Fandom is a strange thing. It is a love for a thing or a person that can border on obsessive so that the fan wants to smother the thing or creator with their devotion. The fandom, the love, becomes more important than why it was created, what it might mean, and who made it.
It’s the personal connection one has that is more important.
That is all-consuming.
We want so desperately to be seen, to be heard, to be felt and when we feel any of those things by someone we admire, or by an art we love, we want to smother it.
Consume it.
And as soon as it fails to live up to the pedestal we built for it, we’re more than happy to tear it all down.
We’re having a moment right now.
That’s clear.
You are seeing it with live performances, where people want to be part of the show. They want to be part of the spectacle. You see it at theater productions where people are scream-singing. Where they are making scenes. And you are seeing it at concerts where people are throwing things on stage at the performers, or are paying hundreds and hundreds of dollars to be at an event being hyped as not to miss.
When at shows we spend more time filming them than experiencing them, often making sure to stop to shoot some footage that shows ourselves as well, so we can prove we are a part of the show.
There’s a brokenness to all of it.
Something spurred by Covid but which was always there.
Expensive concerts are not new, they were just never this expensive. It’s a mix of huge performers making rare tours and having shows as big as their imaginations. The days of a band taking a stage, playing some meaningful music, and calling it good, feel almost over. Everyone is expected to have a SHOW, a PERFORMANCE. It’s not enough to play the music live. You have to make us all part of it. Have to have a stage show.
Which is funny because I saw Iron Maiden in 1992 and they had those things, they had a big show, they had a STAGE show, and it was amazing.
Again, none of this is new.
It’s our DEMAND and need that is new and that the performers are happy to oblige as some are able to create whatever their hearts desire.
There’s an argument to be made that by making things so outlandishly big that the music takes second stage.
Maybe.
Maybe not.
I think it can serve as an extension of the music, like a video.
It’s just that we’re so desperate to feel after Covid that everything is hyper-focused for us.
We can’t just be fans we have to be FANS.
We have to be the best fans.
The most dedicated and loyal.
Because we want to be seen.
Even even just by other fans.
Music itself is such an emotional art and can be so personal that it makes sense. It often says what we feel and cannot put into words. When someone does that, it feels special. And it feels as if they are speaking to us.
But we can be so ugly too.
Crying SELL OUT when someone we like gets popular.
Making fun of them when they fail to live up to our personal expectations.
We saw Tori Amos last night and it was amazing.
She was amazing.
It’s fascinating to see an artist that is legendary but has rarely gotten radio play. She, like so many, has made herself.
While she never had the breakthrough that Taylor Swift or others have had, she is beloved by her rabid fandom. I cannot imagine that pressure, even at that level. To have fans constantly asking for this, requesting that, and needing these.
To keep feeding a beast that is never full.
It’s a balancing act few can keep up – to be intimate with the fandom yet keep your distance.
To keep enough of your personal life behind curtains so as to shelter yourself and retain some mystery.
We may want everything, every last detail of your life, every morsel of it, but we don’t deserve it.
And those same fans can turn catty and caustic, dissecting every album, every performance, and every interview.
Judging their looks, and sound, and how they played something.
The thing is though that the same fans that scream and cry at the shows, so moved by the performance or music, are the ones that are throwing things at the performers and pushing past boundaries.
I saw Nirvana on their last tour and someone threw a show and hit singer Kurt Cobain in the face.
Why would you do that?
Because.
That’s why.
You don’t pay the kind of money, even back then, that you do to attend a concert to be a jerk.
That’s idiocy.
No.
Fans want to be seen, they want attention, and like a toddler still learning self-control, they give in to whims and notions. It’s the idea of throwing flowers or tokens of affection on stage, taken too far.

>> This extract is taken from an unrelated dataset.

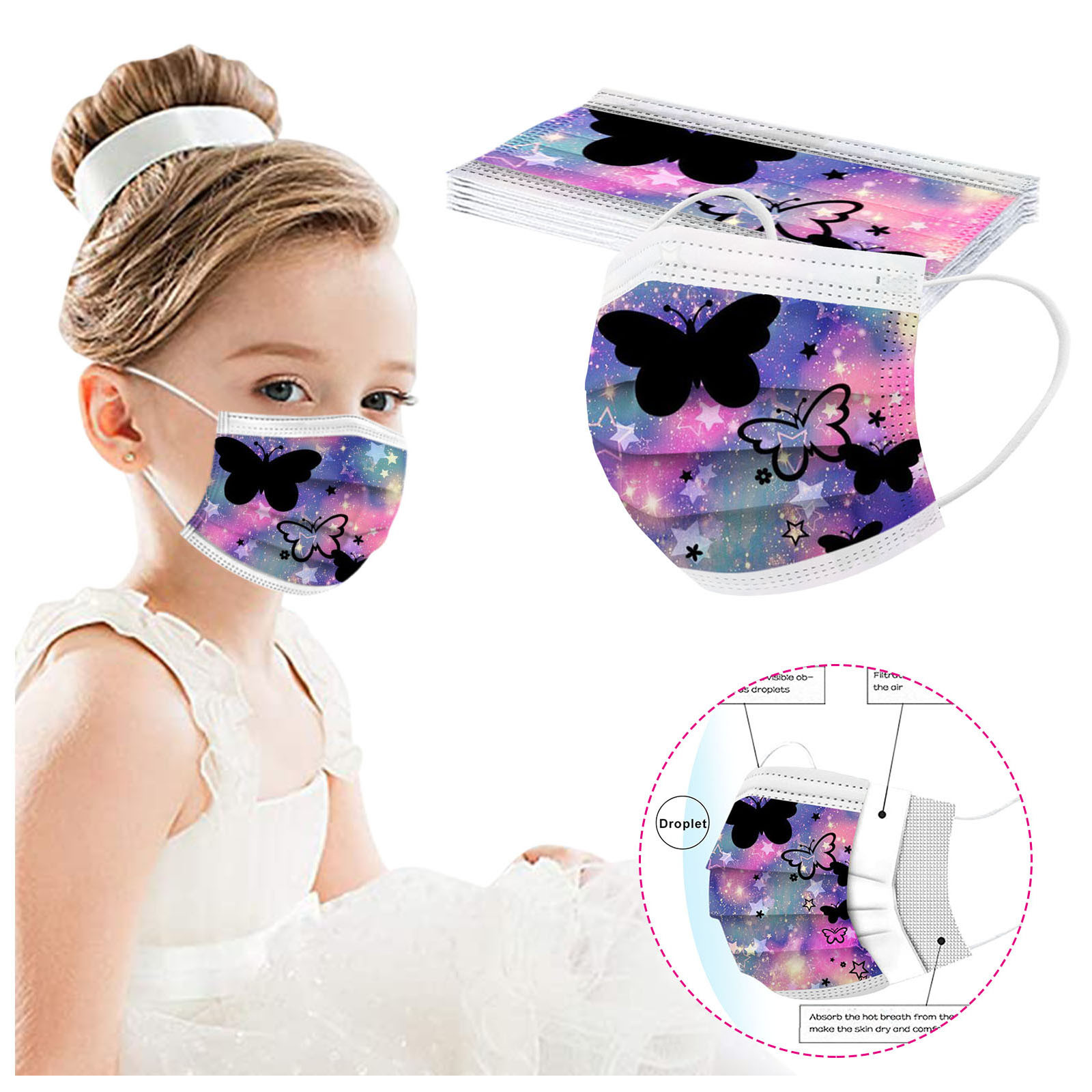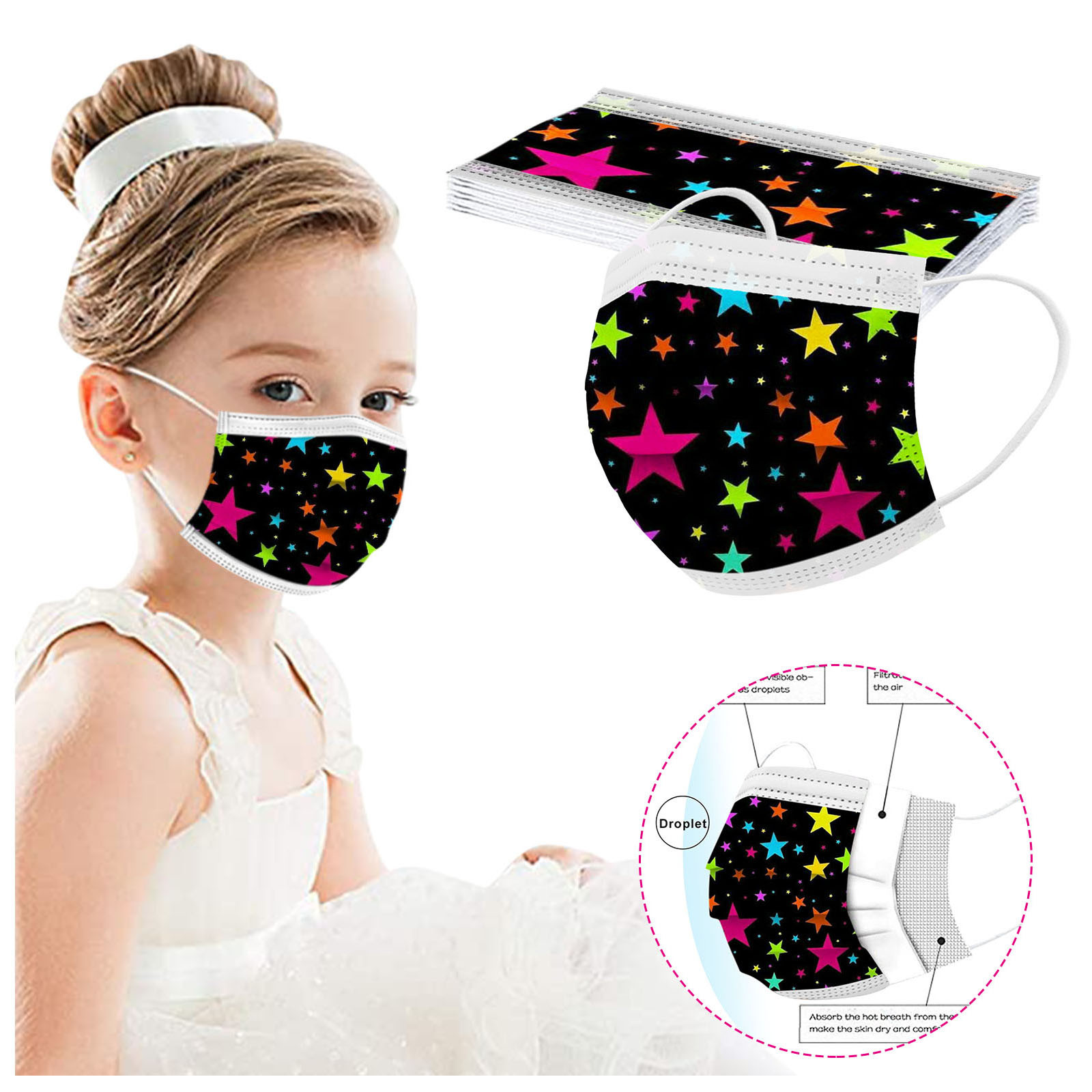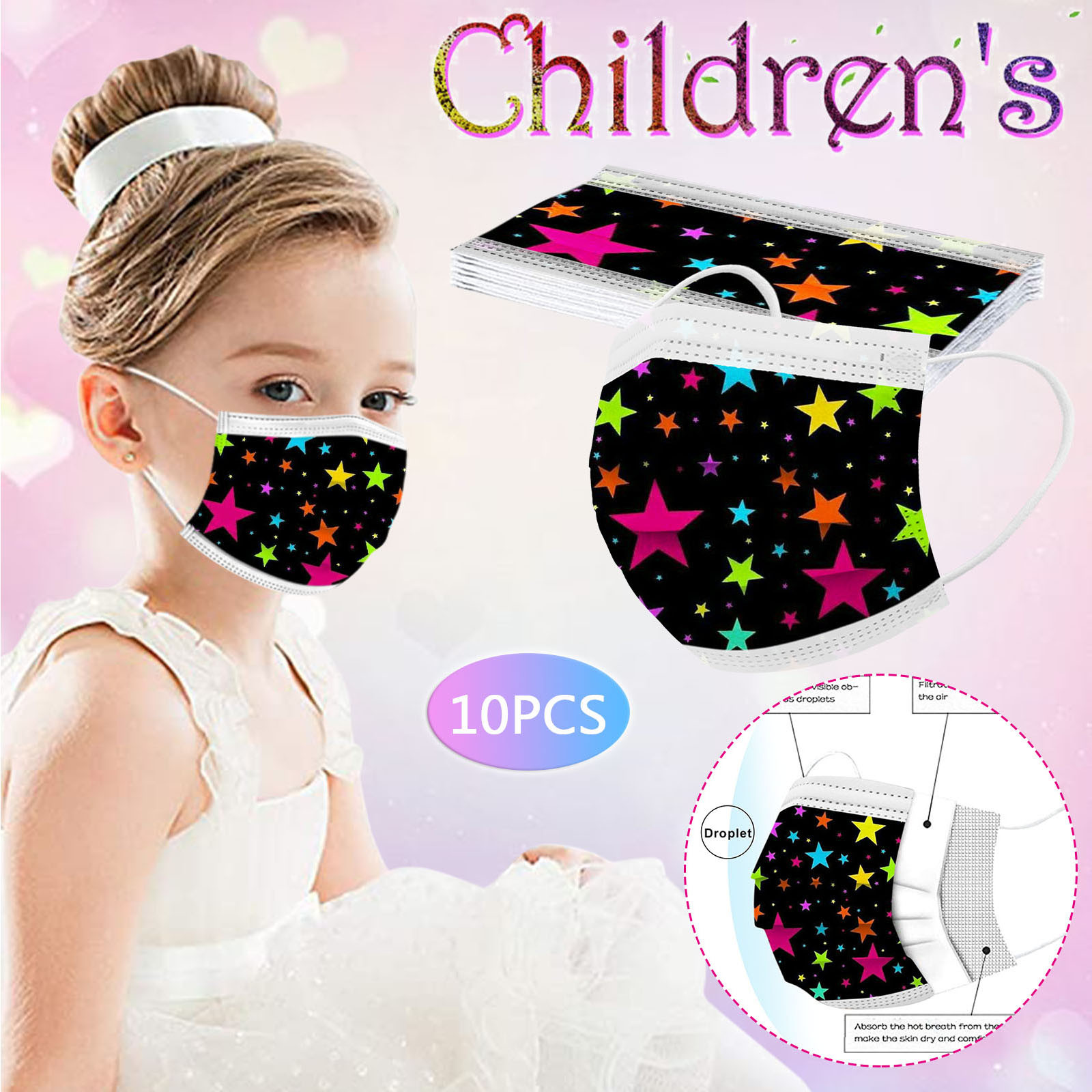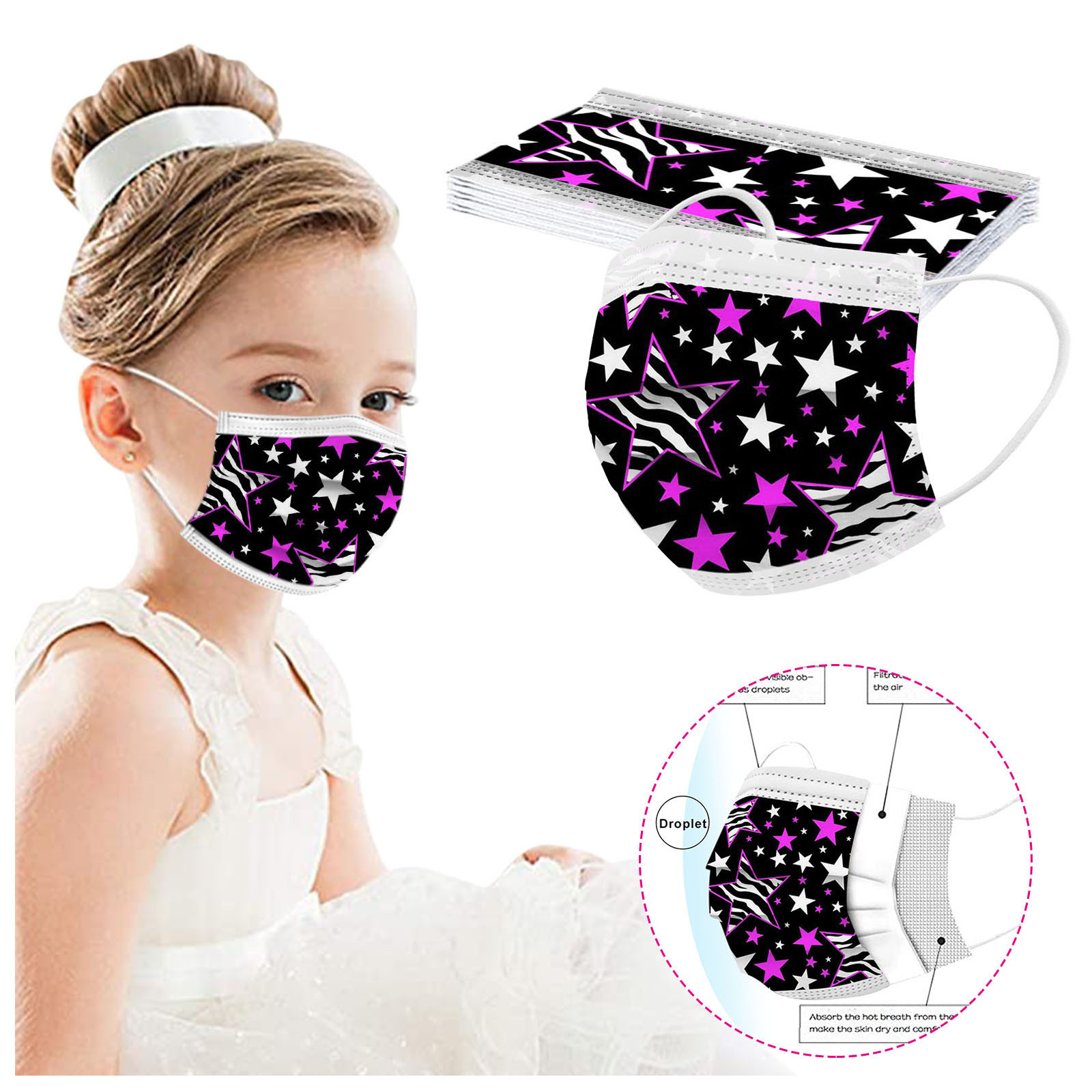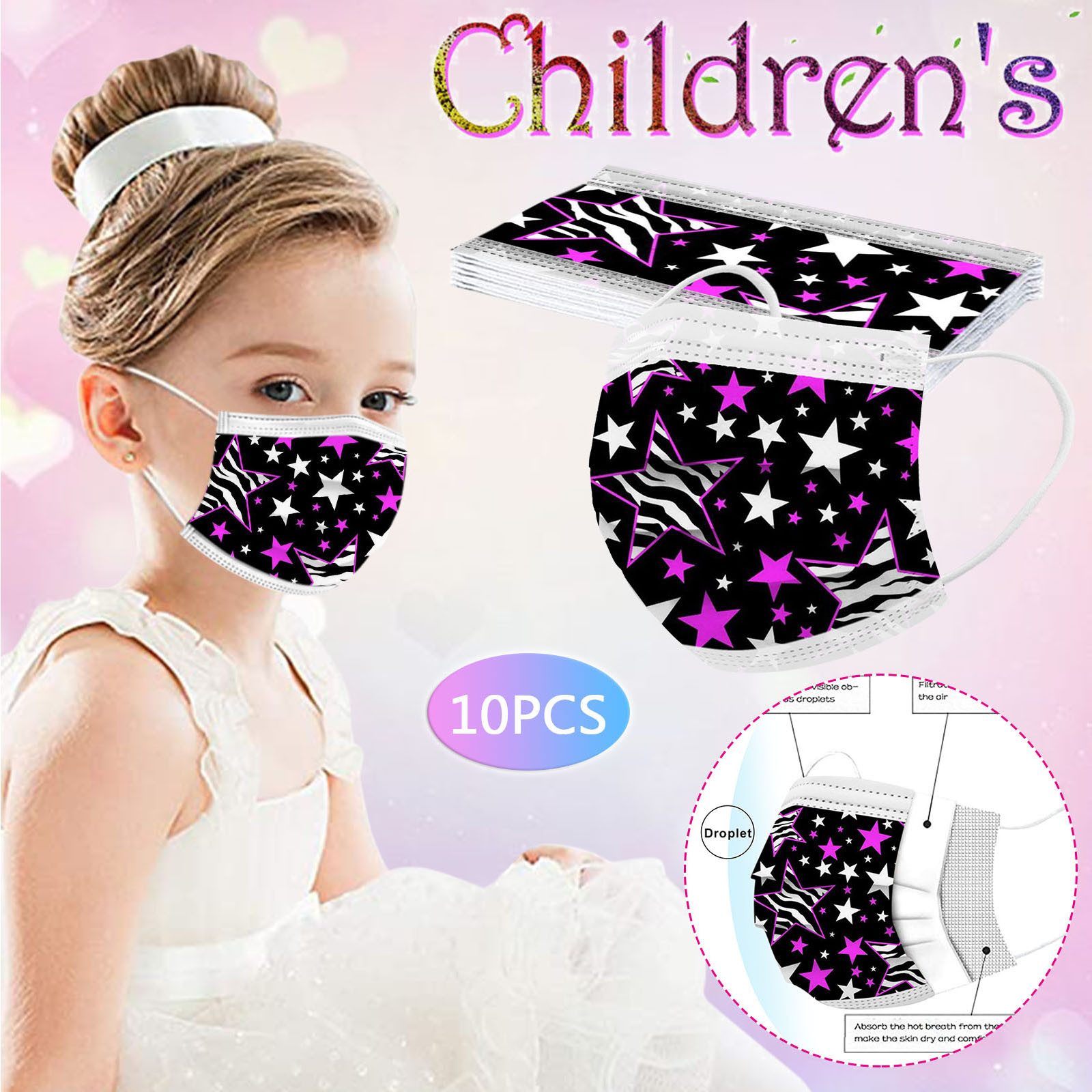 В 3 слоя Нетканая одноразовая маска изготовлена из 3 слоев нетканого материала, Безопасен и безопасен для использования. Дышащий материал и милый Узоры, которые делают его полезным и модным. Специальный 3 слоя из нетканого материала Дизайн, обеспечивает некоторую защиту от пыли, автомобильных выхлопных газов, Пыльца и т. д. эластичная Ушная петля, легко носить и не давит на уши. Маникюрный салон или любые другие области, где может потребоваться защита

Because we don’t understand limits anymore.
And we don’t respect the boundaries of the famous.
We think we possess them.
Own them.
We think they are their brand and that as consumers, we have a right to it.
To them.
Humans are in a strange place.
We are caustically sick in our hearts and feelings and are trying to force things to mean more than maybe they do.
It’s normal to take pictures at a show but filming the entire thing, while not new, is robbing yourself of that intimacy and performance you were so desperate for.
You are ruining the vibe.
It’s as if you are making a sex tape of the performance.
You want to possess it, to re-live it, but never really lived it in the first place because you didn’t let yourself experience it.
Live shows, like love and everything good, are ephemeral and that is what makes them special.
I fear that we are not yet at the worst of our behavior yet.
We can get worse.
We have seen the worst, randomly, but we’re seeing more and more boundaries crossed, and more outrageous behavior and in the end, it will simply take the performers away from us and put them behind plexiglass for their safety, thus robbing us of some of that intimacy we craved.
It’s the human way though.
We can’t help ourselves but to try to consume that which we love, even if it makes us sick in the end.